Lock Up

Chapter 1:Cianide

by Kracken

Kracken

Disclaimer:I don't own them and I don't make any money off of them.
Warning:Male/male sex, NCS in past, but not described. Violence, language.


Lock Up

Cianide

From Duo Maxwell's recorded voice journal:

When you're a scrawny kid, just out of a war, who's been tossed into an Oz lockup and forgotten about, there's only one thing you can do... go crazy. No matter how much of an easy piece of ass you look, they'll usually give a psychopathic killer a wide berth, unless, of course it's the psychopathic killers who are trying to get a piece of your ass. They had nailed me twice, before I had learned the layout of the place, the hierarchy of the prisoners, and had managed to get under the wing of someone who was willing to watch my back. He hadn't wanted a piece of me in return either, he had just felt sorry for me, if you can imagine that. I remember feeling bad when they had ripped him to pieces to get at me during my last day there. We were all rescued shortly afterward, which was a good thing, since they had messed me up badly enough to die. Was that luck? Depends. There are different kinds of luck, and, sometimes, the bad stuff comes at you disguised as good luck..

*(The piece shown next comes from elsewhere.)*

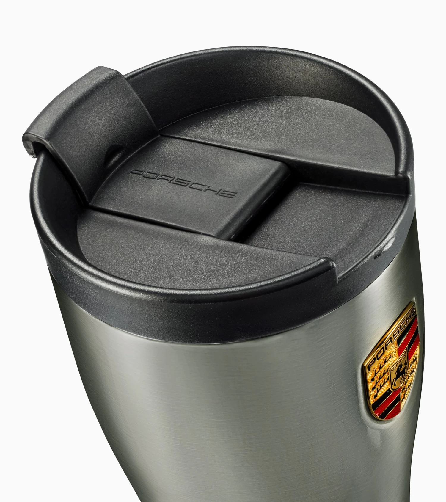 High performance on the go: the double-walled, leak-proof Porsche thermal travel mug with Transformers design keeps hot beverages warm and cold beverages cool. The body of the cup is decorated with the Porsche crest, and the lid with embossed Porsche lettering. The high-quality packaging also makes it an ideal gift for Porsche and Transformers fans alike. With a capacity of approx. 460 ml, the cup is the ideal companion for on the road.
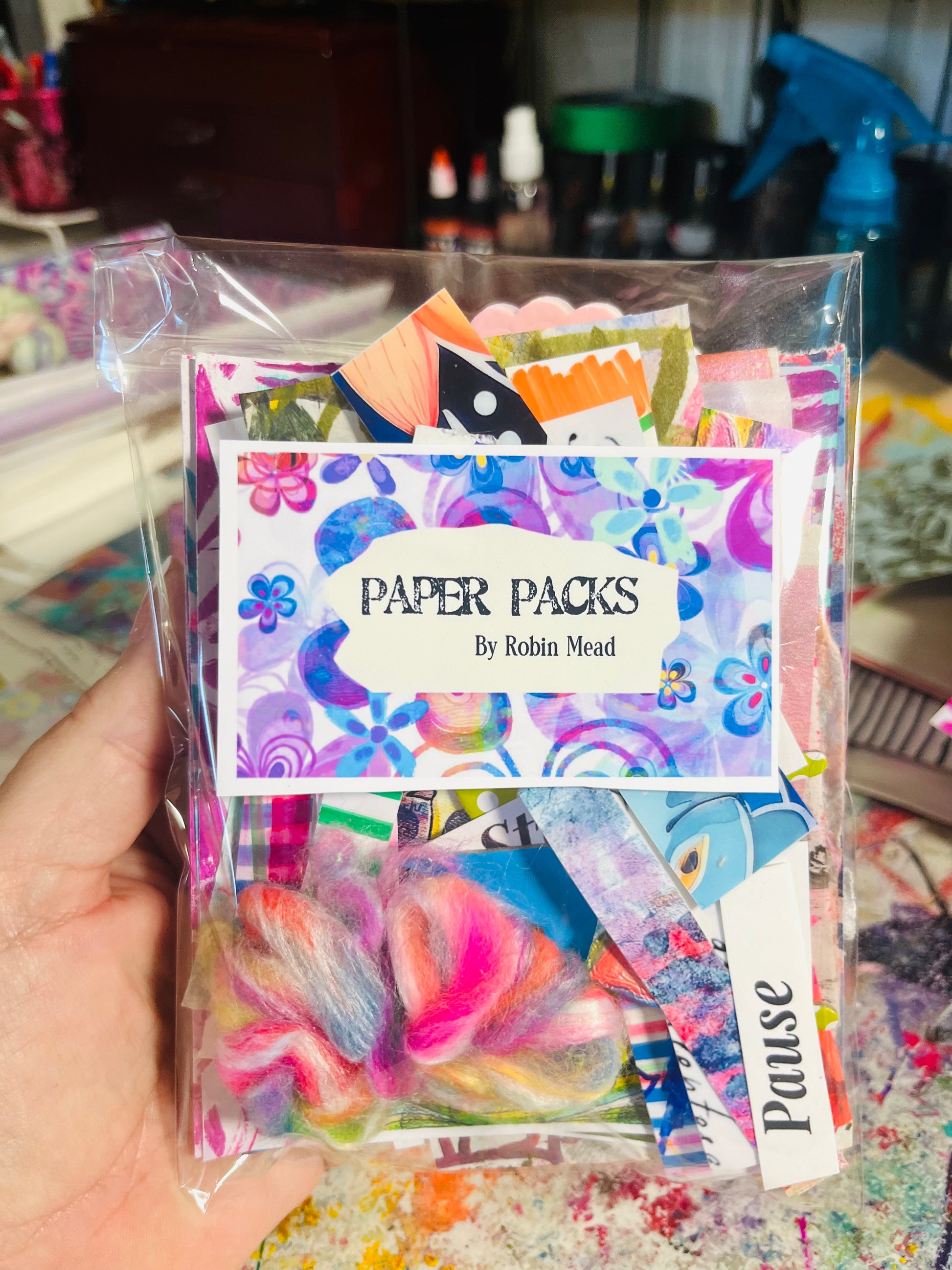 Each 6 x 4.5 goody pack has over 25 pieces of a mix of gelli prints, book pages, music, painted papers, map, rice paper, tissue, fabric bits from my collection and a few added surprises. The oapers include some from my friends Janet Briggs and Beth Wright❤️

I spent time in a hospital before I was committed and put in a padded room. After a year of running, hiding, and fighting to save my life and my ass, I couldn't put aside the craziness that had kept me alive and, relatively, in one piece. Ever see a dog that's been beaten too much? Sometimes, they get scared. Other times, they get mean. I got mean, nasty, violent, and hair trigger as hell.

What had Heero thought when he had opened the door of my cell that day, to take me into his care, and I had attacked him like a wild beast? What had my face looked like when I had bared my teeth like fangs, snarled, and attacked him with as much violence as I could manage wrapped up in my restraints? Had he wondered if he'd made a mistake? Had he wanted to turn his back and pretend he'd never had the impulse to get involved? I don't know the answer. He had hit me right behind the ear, one karate chop, and knocked me out.

I'll never know what those renegade enemy soldiers were thinking of doing with the fifty odd prisoners they had managed to roundup after the war. Revenge? Maybe. Bargaining chips to save their own asses? Likely. They caught me almost passed out at a bar, happily celebrating the end of the war and thinking of my great, new, peaceful future. If I ever find the bartender that let them take me out of there, they won't be able to identify the body.

The place I had been taken to had been a very good prison satellite at one time, probably run by efficient men and women who had kept order. When they had tossed me in there, the inmates were definitely running the place. The guards had been gone, the cells had been open, and there had been no where to go except among the cell blocks, exercise yards, and down underneath into the mazes, catwalks, and greasy machinery of the interior. The strongest had taken over the hanger and the guard rooms. Their trusted hanger ons, were given the cells. The rest of us had hidden in the interior, making our beds under dripping grease, hot, forever running machinery, and playing a nonstop game of cat and mouse; a game you never wanted to lose.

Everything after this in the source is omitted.